ボールはショートとサードの合間に飛んでいく。割と足が速い雷市を、サード矢部が完璧にアウトにした。
「ホーム!」
だが……雷市が打った瞬間、迷わず伊川はホームに突っ込んでいた! 伊川は、雷市ならヒットを多分打つだろうと信じていたのだ!
普通にアウトになった事は何回もある筈だが、何となくこの日は突っ込む気分だったのもある……あわよくば、運悪く相手キャッチャーと接触できないかなとも考えていた。
小川のキャッチャー破壊作戦を、運が悪かった感じでもっと上手くやれれば良いなと考えていた事もある。
ちなみに小川はラフプレーをしたが、破壊しようまでは考えていなかった。つまり冤罪。伊川の心の闇が作り出した虚像だった。

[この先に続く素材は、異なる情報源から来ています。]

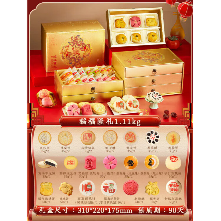 北京稻香村糕点礼盒莲蓉饼蛋黄酥中式传统点心零食高端三层茶点送长辈 稻福隆礼【26饼21味】1110g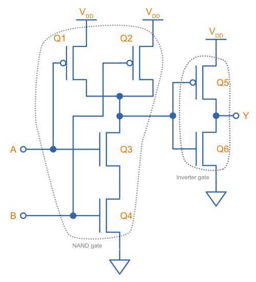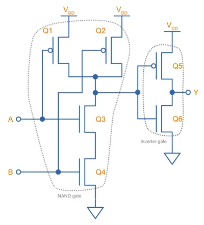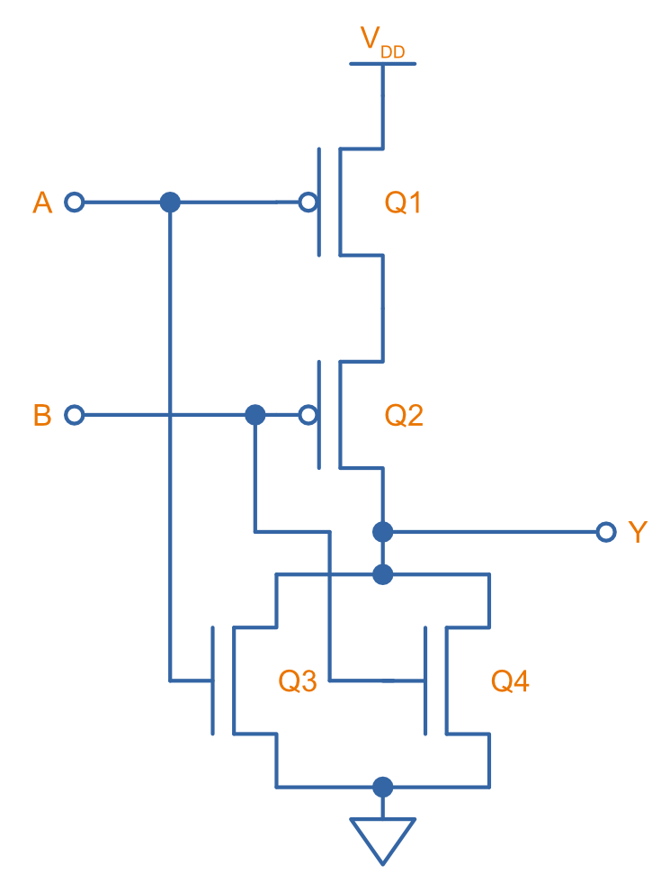 Two N-channels are connected in series on the bottom side, and two P-channels are connected in parallel on the top side. Both inputs ( and ) have to be HIGH to turn on both the lower side N-channel MOSFETs and drive the output () LOW. If either inputs are LOW, at least one of the high-side P-channel MOSFETs will be turned on, driving the output HIGH. This completes the NAND logic.

伊川は、北瀬や薬師部員の勝ちたいという気持ちや、学校の雰囲気に飲まれまくっていた。彼本人は、対して甲子園に行きたいとも思っていない筈なのだが……
運良くなのか、運悪くなのか。マグレで接触事故が起きそうに無い程度の距離感で、伊川は帰塁する事が出来た。
伊川の珍しい神走塁で、観客席は盛り上がっていた。
「ツーアウトだけど、稲実から1点取ったぞ!」
「伊川足はえぇ……!」
「何であいつ全く盗塁しないんだ?」
「さぁ、苦手なんじゃね?」
今回伊川をアウトに出来なかったのを、矢部のせいだと攻める訳にはいかない。今伊川が本塁に走っていったが、どう考えても3塁で待つべきタイミングだったのだ。
伊川本人は無自覚だが、完璧にヒットエンドランに近い形で暴走していた。ベンチからは指示が出ていないのにである。
まあ伊川が珍しく、リスクを取ったプレーをしたのに感動した監督は、わざわざ無粋な発言はしなかったが。
どうせなら、打撃の時もやってくれれば良いのにな……そう思いつつ、轟監督は伊川のプレーを喜んでいた。
まあ伊川は野球に対してやる気が出たのではなく、北瀬の熱意や観客達の熱気に当てられていただけだが、この時やる気を出していたのは本当である。
この後は、三島をアウトに討ち取りスリーアウトチェンジ。成宮は初回から1点を取られてしまったが、薬師3強に対してコレなら誇っても良いだろう。
……成宮は、それを一応分かった上で悔しがっていた。
「あークソ! 点取られるつもりなかったのに!」
「鳴さん! でも凄いピッチングでしたよ、鳴さん以外には出来ない投球でした!」
「……こんなの俺ならやって当然だし! 樹は黙ってて!」
……稲城実業新生バッテリーの気持ちは、まだまだチグハグだった。試合で問題が起きかねない微妙な仲だったが、それでも成宮鳴が強い事は変わりない。